= What this task involves =
Could you print the listing again exactly, omitting the pictures?

= Data for the task =
....................

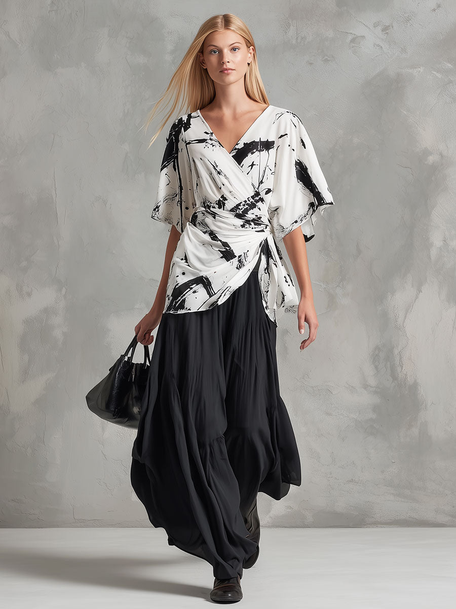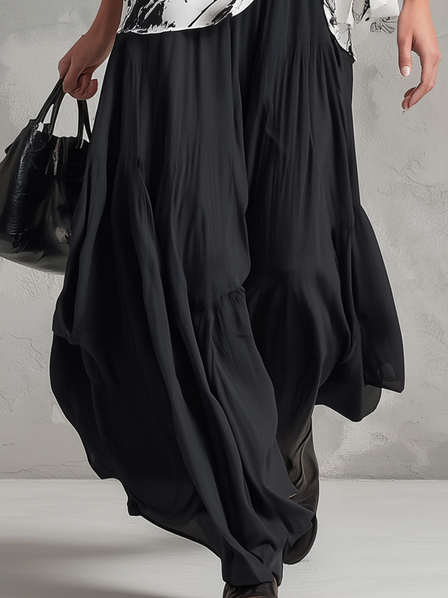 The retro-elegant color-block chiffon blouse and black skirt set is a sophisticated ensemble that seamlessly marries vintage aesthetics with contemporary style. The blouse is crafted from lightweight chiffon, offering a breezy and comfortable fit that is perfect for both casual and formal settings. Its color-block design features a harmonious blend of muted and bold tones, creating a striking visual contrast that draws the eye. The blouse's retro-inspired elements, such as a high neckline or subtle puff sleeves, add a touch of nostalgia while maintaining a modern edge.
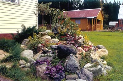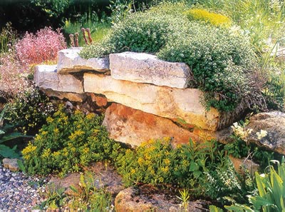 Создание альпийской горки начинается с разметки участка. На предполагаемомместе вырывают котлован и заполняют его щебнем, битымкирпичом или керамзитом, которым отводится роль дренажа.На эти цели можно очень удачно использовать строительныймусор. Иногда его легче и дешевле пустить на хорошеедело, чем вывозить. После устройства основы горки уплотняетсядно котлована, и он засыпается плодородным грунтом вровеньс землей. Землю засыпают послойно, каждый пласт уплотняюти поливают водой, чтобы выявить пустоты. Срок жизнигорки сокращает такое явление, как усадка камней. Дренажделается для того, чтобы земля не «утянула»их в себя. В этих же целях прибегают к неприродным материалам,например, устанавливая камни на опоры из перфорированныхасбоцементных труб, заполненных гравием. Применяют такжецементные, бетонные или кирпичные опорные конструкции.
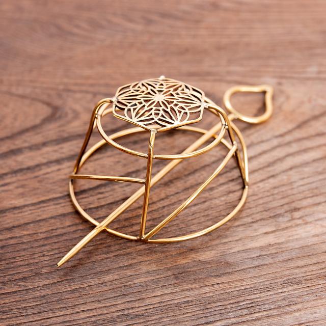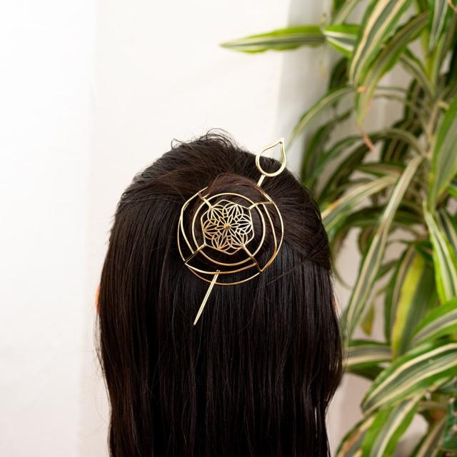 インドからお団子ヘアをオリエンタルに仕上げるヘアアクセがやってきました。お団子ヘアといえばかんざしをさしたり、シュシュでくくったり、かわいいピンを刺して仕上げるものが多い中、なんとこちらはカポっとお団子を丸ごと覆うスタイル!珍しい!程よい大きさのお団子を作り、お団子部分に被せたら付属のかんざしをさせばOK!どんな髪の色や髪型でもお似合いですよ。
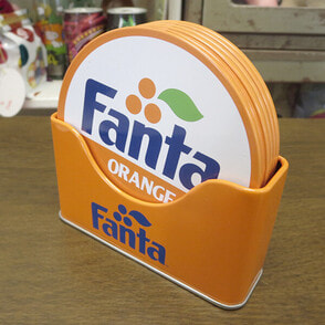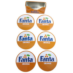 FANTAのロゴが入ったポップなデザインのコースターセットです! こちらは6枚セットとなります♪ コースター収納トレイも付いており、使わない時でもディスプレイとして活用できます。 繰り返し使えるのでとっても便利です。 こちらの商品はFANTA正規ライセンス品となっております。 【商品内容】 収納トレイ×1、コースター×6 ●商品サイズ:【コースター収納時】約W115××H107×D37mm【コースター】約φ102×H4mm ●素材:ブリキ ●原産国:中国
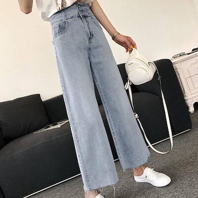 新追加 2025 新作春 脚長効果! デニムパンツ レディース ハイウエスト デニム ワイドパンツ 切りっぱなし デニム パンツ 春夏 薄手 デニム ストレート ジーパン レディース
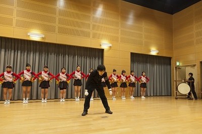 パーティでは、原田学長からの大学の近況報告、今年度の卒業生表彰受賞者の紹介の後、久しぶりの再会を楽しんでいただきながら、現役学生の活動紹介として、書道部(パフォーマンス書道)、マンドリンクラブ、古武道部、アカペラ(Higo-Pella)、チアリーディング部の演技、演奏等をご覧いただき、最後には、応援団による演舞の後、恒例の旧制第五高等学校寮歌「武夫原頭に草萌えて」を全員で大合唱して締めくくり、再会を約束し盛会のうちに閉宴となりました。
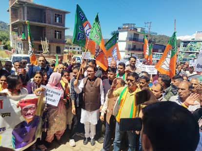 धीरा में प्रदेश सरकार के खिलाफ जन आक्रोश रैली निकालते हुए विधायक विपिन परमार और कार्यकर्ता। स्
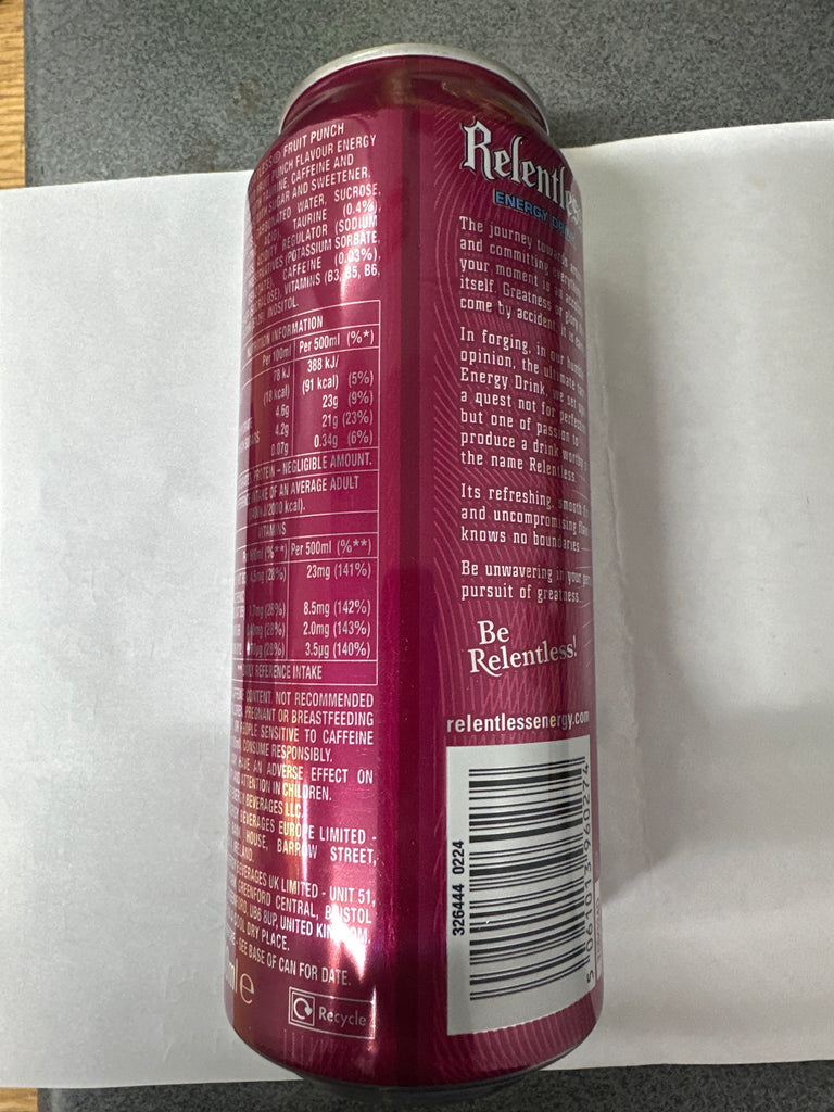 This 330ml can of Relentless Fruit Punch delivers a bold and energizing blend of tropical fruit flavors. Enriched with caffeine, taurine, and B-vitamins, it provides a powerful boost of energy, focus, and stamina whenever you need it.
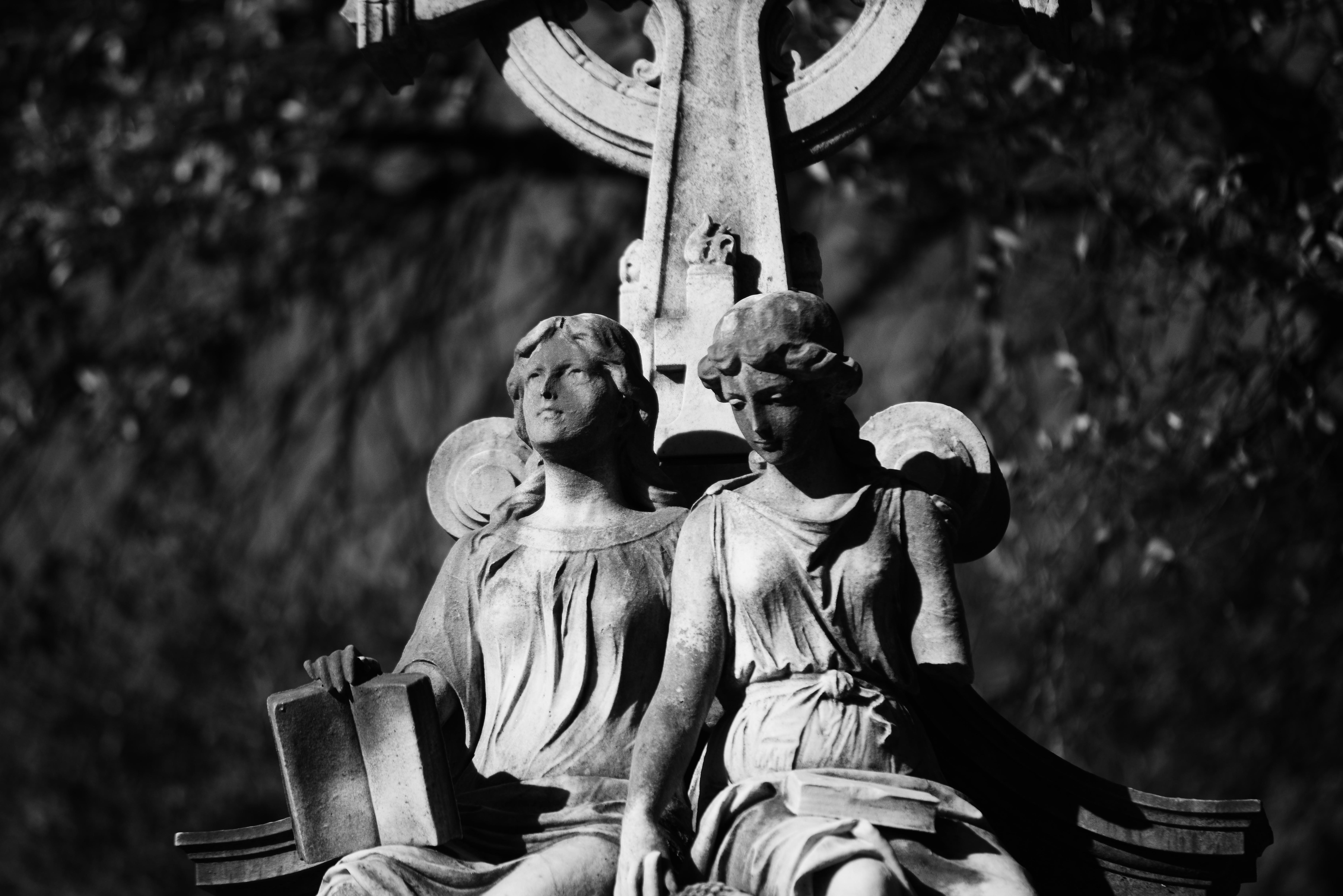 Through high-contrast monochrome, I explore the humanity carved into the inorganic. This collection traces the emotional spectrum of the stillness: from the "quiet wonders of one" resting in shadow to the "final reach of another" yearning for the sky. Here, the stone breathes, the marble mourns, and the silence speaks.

....................

= Task solution =
 The retro-elegant color-block chiffon blouse and black skirt set is a sophisticated ensemble that seamlessly marries vintage aesthetics with contemporary style. The blouse is crafted from lightweight chiffon, offering a breezy and comfortable fit that is perfect for both casual and formal settings. Its color-block design features a harmonious blend of muted and bold tones, creating a striking visual contrast that draws the eye. The blouse's retro-inspired elements, such as a high neckline or subtle puff sleeves, add a touch of nostalgia while maintaining a modern edge.
 Создание альпийской горки начинается с разметки участка. На предполагаемомместе вырывают котлован и заполняют его щебнем, битымкирпичом или керамзитом, которым отводится роль дренажа.На эти цели можно очень удачно использовать строительныймусор. Иногда его легче и дешевле пустить на хорошеедело, чем вывозить. После устройства основы горки уплотняетсядно котлована, и он засыпается плодородным грунтом вровеньс землей. Землю засыпают послойно, каждый пласт уплотняюти поливают водой, чтобы выявить пустоты. Срок жизнигорки сокращает такое явление, как усадка камней. Дренажделается для того, чтобы земля не «утянула»их в себя. В этих же целях прибегают к неприродным материалам,например, устанавливая камни на опоры из перфорированныхасбоцементных труб, заполненных гравием. Применяют такжецементные, бетонные или кирпичные опорные конструкции.
 インドからお団子ヘアをオリエンタルに仕上げるヘアアクセがやってきました。お団子ヘアといえばかんざしをさしたり、シュシュでくくったり、かわいいピンを刺して仕上げるものが多い中、なんとこちらはカポっとお団子を丸ごと覆うスタイル!珍しい!程よい大きさのお団子を作り、お団子部分に被せたら付属のかんざしをさせばOK!どんな髪の色や髪型でもお似合いですよ。
 FANTAのロゴが入ったポップなデザインのコースターセットです! こちらは6枚セットとなります♪ コースター収納トレイも付いており、使わない時でもディスプレイとして活用できます。 繰り返し使えるのでとっても便利です。 こちらの商品はFANTA正規ライセンス品となっております。 【商品内容】 収納トレイ×1、コースター×6 ●商品サイズ:【コースター収納時】約W115××H107×D37mm【コースター】約φ102×H4mm ●素材:ブリキ ●原産国:中国
 新追加 2025 新作春 脚長効果! デニムパンツ レディース ハイウエスト デニム ワイドパンツ 切りっぱなし デニム パンツ 春夏 薄手 デニム ストレート ジーパン レディース
 パーティでは、原田学長からの大学の近況報告、今年度の卒業生表彰受賞者の紹介の後、久しぶりの再会を楽しんでいただきながら、現役学生の活動紹介として、書道部(パフォーマンス書道)、マンドリンクラブ、古武道部、アカペラ(Higo-Pella)、チアリーディング部の演技、演奏等をご覧いただき、最後には、応援団による演舞の後、恒例の旧制第五高等学校寮歌「武夫原頭に草萌えて」を全員で大合唱して締めくくり、再会を約束し盛会のうちに閉宴となりました。
 धीरा में प्रदेश सरकार के खिलाफ जन आक्रोश रैली निकालते हुए विधायक विपिन परमार और कार्यकर्ता। स्
 This 330ml can of Relentless Fruit Punch delivers a bold and energizing blend of tropical fruit flavors. Enriched with caffeine, taurine, and B-vitamins, it provides a powerful boost of energy, focus, and stamina whenever you need it.
 Through high-contrast monochrome, I explore the humanity carved into the inorganic. This collection traces the emotional spectrum of the stillness: from the "quiet wonders of one" resting in shadow to the "final reach of another" yearning for the sky. Here, the stone breathes, the marble mourns, and the silence speaks.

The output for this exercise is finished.